2: In the market for beef, the demand function is QD = 800 – 100P and the supply function is QS = 150P, where price is given in $ per kilo and quantity is given in thousands of kilos per month. The government then imposes a maximum price of $2 per kilo in order to protect consumers.

i. On a graph, draw the original demand and supply curves and indicate equilibrium.

ii. On the same graph, show the maximum price and indicate the quantities demanded and supplied at that price.

iii. From the graph, calculate the excess demand created.

iv. From the graph, calculate the change in consumer expenditure/producer revenue.

v. Give the supply function, following a subsidy, which would eliminate the excess demand.

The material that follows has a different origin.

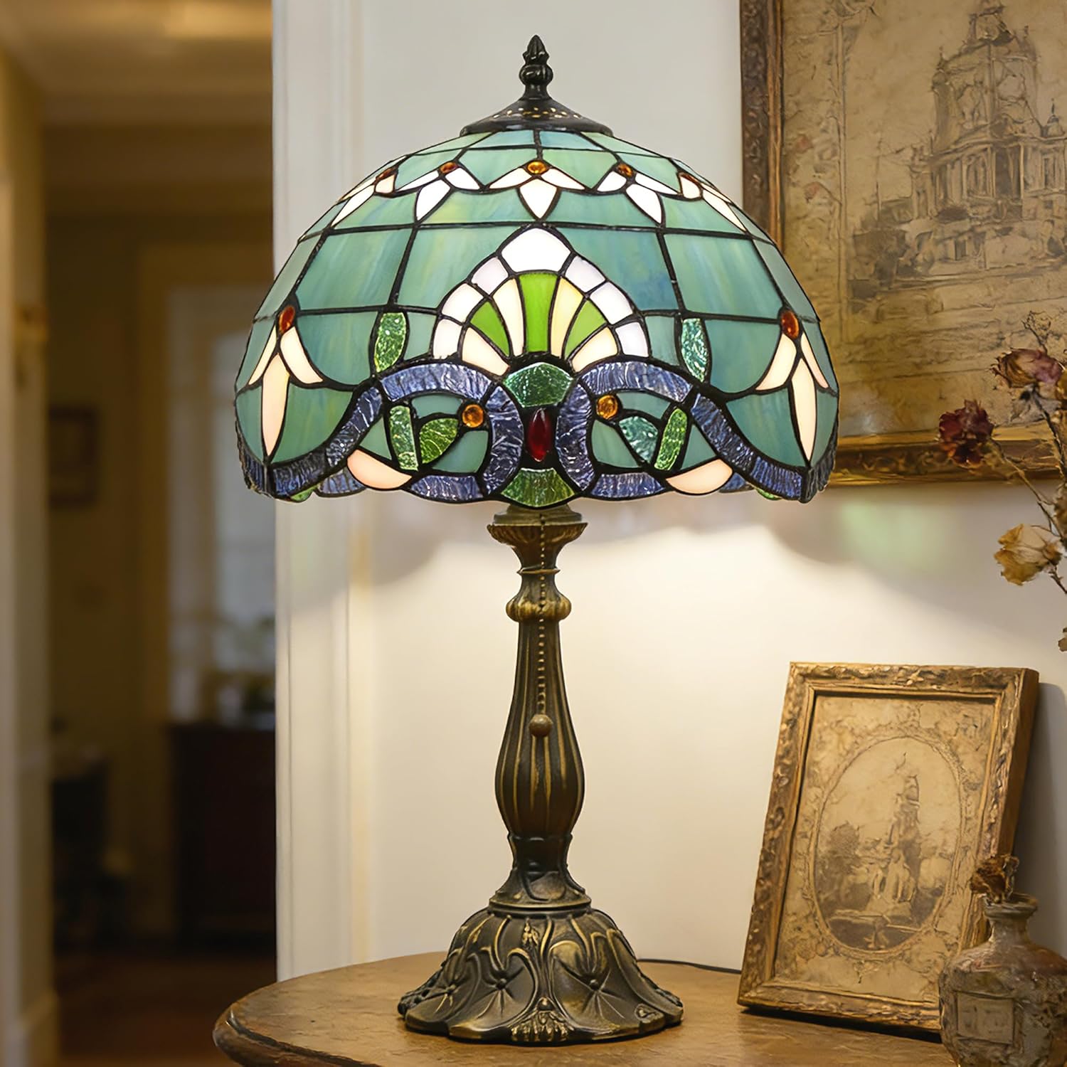| Material Type | Stained Glass Lampshade,Resin Base |

vi. Draw the new supply curve on the graph and calculate the necessary subsidy per unit that the government would have to pay in order to eliminate the excess demand.

vii. Calculate the total subsidy payment that the government would have to make.

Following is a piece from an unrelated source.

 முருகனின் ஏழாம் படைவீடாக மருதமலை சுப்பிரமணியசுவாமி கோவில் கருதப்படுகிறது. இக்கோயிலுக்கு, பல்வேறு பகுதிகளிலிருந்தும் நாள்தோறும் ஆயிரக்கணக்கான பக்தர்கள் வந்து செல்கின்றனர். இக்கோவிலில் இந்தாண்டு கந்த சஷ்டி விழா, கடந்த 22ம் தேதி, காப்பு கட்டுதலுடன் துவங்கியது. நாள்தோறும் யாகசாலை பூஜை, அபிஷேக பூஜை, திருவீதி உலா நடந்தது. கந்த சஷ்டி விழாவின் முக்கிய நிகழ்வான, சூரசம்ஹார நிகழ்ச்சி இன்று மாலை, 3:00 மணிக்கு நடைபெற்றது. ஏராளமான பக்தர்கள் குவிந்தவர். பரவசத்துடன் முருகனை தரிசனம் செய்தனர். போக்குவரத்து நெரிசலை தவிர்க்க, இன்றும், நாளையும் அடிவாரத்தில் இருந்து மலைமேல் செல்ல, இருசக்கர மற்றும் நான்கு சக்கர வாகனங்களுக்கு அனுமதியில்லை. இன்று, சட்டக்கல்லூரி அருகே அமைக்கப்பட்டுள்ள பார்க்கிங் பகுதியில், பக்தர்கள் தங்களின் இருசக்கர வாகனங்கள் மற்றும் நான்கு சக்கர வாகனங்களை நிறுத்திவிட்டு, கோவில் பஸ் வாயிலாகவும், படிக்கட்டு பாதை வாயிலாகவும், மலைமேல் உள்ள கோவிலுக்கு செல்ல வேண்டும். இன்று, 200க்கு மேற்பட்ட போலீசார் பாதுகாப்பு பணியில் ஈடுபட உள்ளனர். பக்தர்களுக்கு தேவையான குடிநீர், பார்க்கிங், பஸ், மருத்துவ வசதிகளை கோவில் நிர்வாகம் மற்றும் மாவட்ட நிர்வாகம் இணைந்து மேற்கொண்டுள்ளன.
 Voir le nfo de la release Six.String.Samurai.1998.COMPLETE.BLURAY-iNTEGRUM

viii. Not using the graph, calculate the shortage at the maximum price. [Extra credit]

ix. Not using the graph, calculate the amount of the subsidy necessary to eliminate the shortage. [Extra credit]

Price floors/minimum prices

1: Calculate possible effects from the price floor (minimum price) diagram, including the resulting surplus, change in expenditure and total expenditure.

The linear demand and liner supply equations are:

Qd = 2000 – 200P

Qs = -400 + 400P

(a) The government decides to impose a minimum price (price floor) of $5 on this product. Graph this on your diagram

(b) Calculate the QD and QS values at the minimum price of $5. Identify the effect on the market following the imposition of the minimum price

(c) Calculate from the diagram the total amount that the government would have to pay to buy up the surplus.

(d) Calculate the total income of the producers (market + government intervention)

2: In the market for beef, the demand function is QD = 800 – 100P and the supply function is QS = 150P, where price is given in $ per kilo and quantity is given in thousands of kilos per month. The government then imposes a minimum price of $4 per kilo in order to protect the farmers.

i. On a graph, draw the original demand and supply curves and indicate equilibrium.

ii. On the graph, show the minimum price and indicate the quantities demanded and supplied at that price.

iii. From the graph, calculate the excess supply created.

iv. Calculate the amount the government will have to pay to buy up the surplus.

v. Calculate the total revenue received by the farmers, if the government buys up the surplus.